I was searching for recipes to make for the Super Bowl and came across this amazing twist on Buffalo Wings. It’s a little healthier than the typical ‘chicken wing’ and it’s got that same crispy, wonderful flavor.

Buffalo Chicken Lettuce Wraps

Ingredients:
1 lb boneless chicken breasts, cut into bite-size pieces
1/2 cup Buffalo wing sauce
2 cups plain Panko bread crumbs
4-6 large leaves of Boston lettuce
1 cup cooked white rice
Sliced black olives
Bleu cheese dressing
Scallions for garnish

Buffalo Chicken Lettuce Wraps

Instructions:
  1. Preheat the oven to 375º F.
  2. Line a baking pan with parchment paper.
  3. Marinate the chicken in a container with the 1/2 cup Buffalo sauce, cover and refrigerate for 30 minutes.
  4. Pour the Panko breadcrumbs into a shallow dish.
  5. Coat the chicken pieces evenly with the Panko and place them in the baking pan.
  6. Bake the chicken for 30 minutes.
  7. To assemble the wraps, fill each leaf of lettuce with the rice, chicken and top with black olives. Drizzle the Bleu Cheese dressing over the chicken. And then add the scallions.

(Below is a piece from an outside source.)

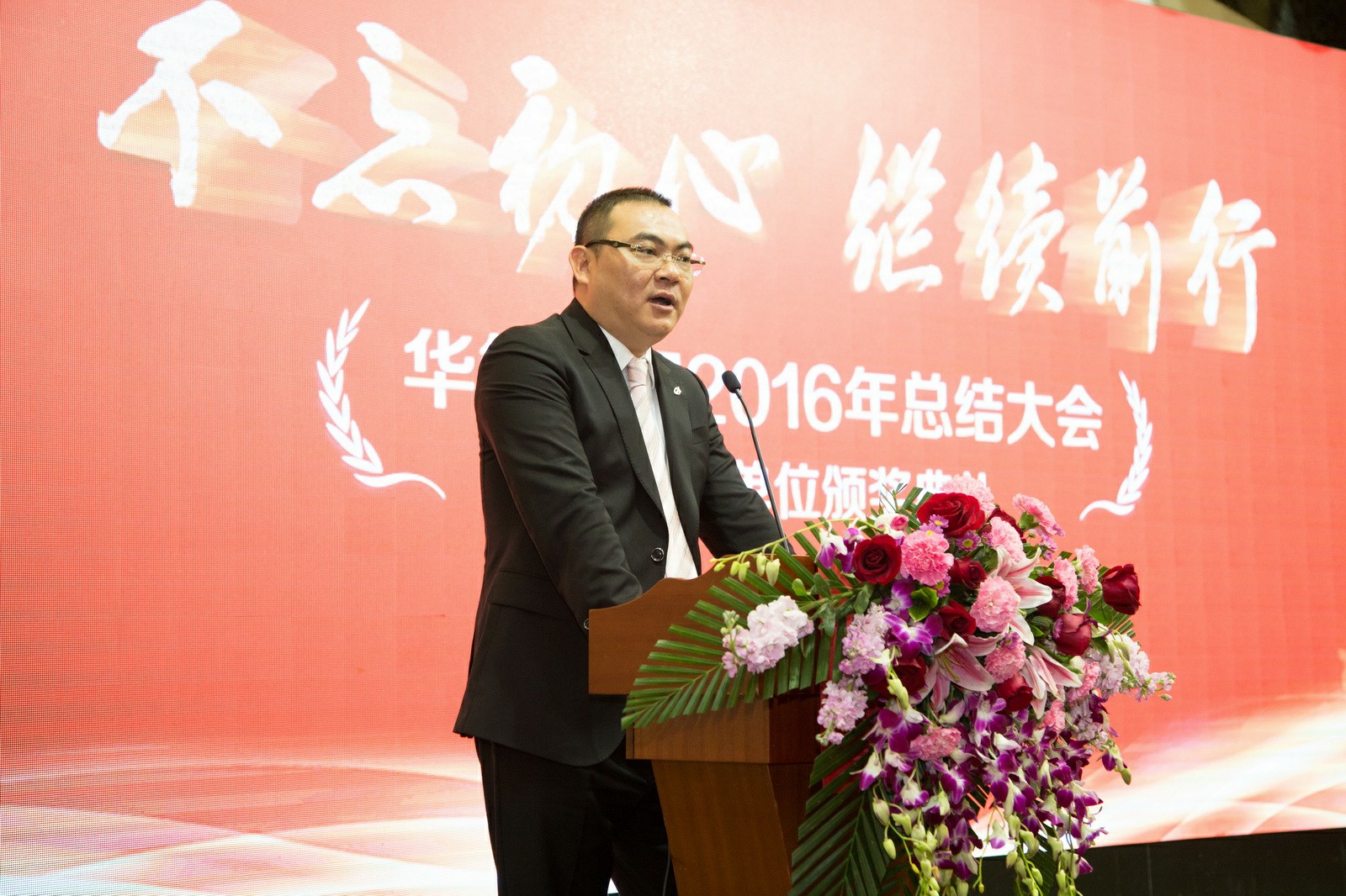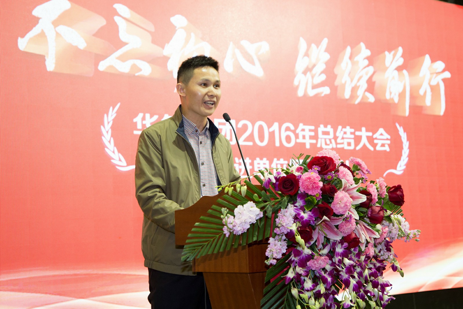 在聽取了地產(chǎn)科技板塊的工作報告和新一年工作安排之后,集團董事局主席楊峰發(fā)表了重要講話。他說,華策成立23年來,他首次為年度工作總結(jié)大會題字——“不忘初心,繼續(xù)前行”,他十分認(rèn)可這句話。他說,員工的初心,就是老板的責(zé)任。老板初心的實現(xiàn)離不開廣大華策人的同心協(xié)力,離不開廣大華策人對老板工作的支持。華策集團現(xiàn)有的機制乃至薪酬可能不是最好的,但華策人在過去一年做了很多事,無論是地產(chǎn)、高科技還是金融板塊,大家為華策集團創(chuàng)造了驕人的成績。沒有華策人的努力成就不了今天的華策集團,成就不了楊峰的初心。他只能通過華策每年的進步、不斷完善的集團機制回報廣大華策人。2016年的優(yōu)秀員工肯定不只是評選出的這幾十個人,集團的機制是為了更好的管理而設(shè)定的,只有相對的公平,不能做到絕對的公平。希望廣大華策人能夠繼續(xù)支持老板,他也不斷致力于完善集團機制,將華策集團打造成為華策人初心實現(xiàn)的平臺。第二,關(guān)于2017年的工作重點,楊峰主席總結(jié)了8句話。1.政通令達,對政府的新政策要了解,對集團董事局的決策要堅決貫徹;2.強將精兵,強將指的是我們的高層,希望我們的高層敬崗愛崗做好傳幫帶,帶領(lǐng)好我們的員工,因為強將手下無弱兵;3.形胖財健,集團大了,平臺大了,融資規(guī)模和手段更要提升;4.穩(wěn)珠強深,珠海是華策集團的根基,我們要深耕珠海,強大深圳;5.拓展穗惠,堅決貫徹董事局決策拓展廣州、惠州;6.金融輔進,融資是華策的優(yōu)勢,我們要繼續(xù)發(fā)揚這個優(yōu)勢;7.地產(chǎn)抓進度,雙限當(dāng)前,我們要把握機會,以最大的決心抓進度,把房子建好,有多少建多少,把房子建好了再等待機會;8.科技嚴(yán)時令,科研有了結(jié)果,我們要把成果轉(zhuǎn)化到商業(yè)中去,科技是時代產(chǎn)物,錯了時令就變成“古董”。

Buffalo Chicken Lettuce WrapsThese lettuce wraps are fantastic for either lunch or dinner. Feel free to experiment with toppings. I saw one recipe that included avocados and another that added celery. So try some other options as well as the ones above and enjoy these fabulous lettuce wraps. I will be adding this to my regular rotation of meals, they were that good!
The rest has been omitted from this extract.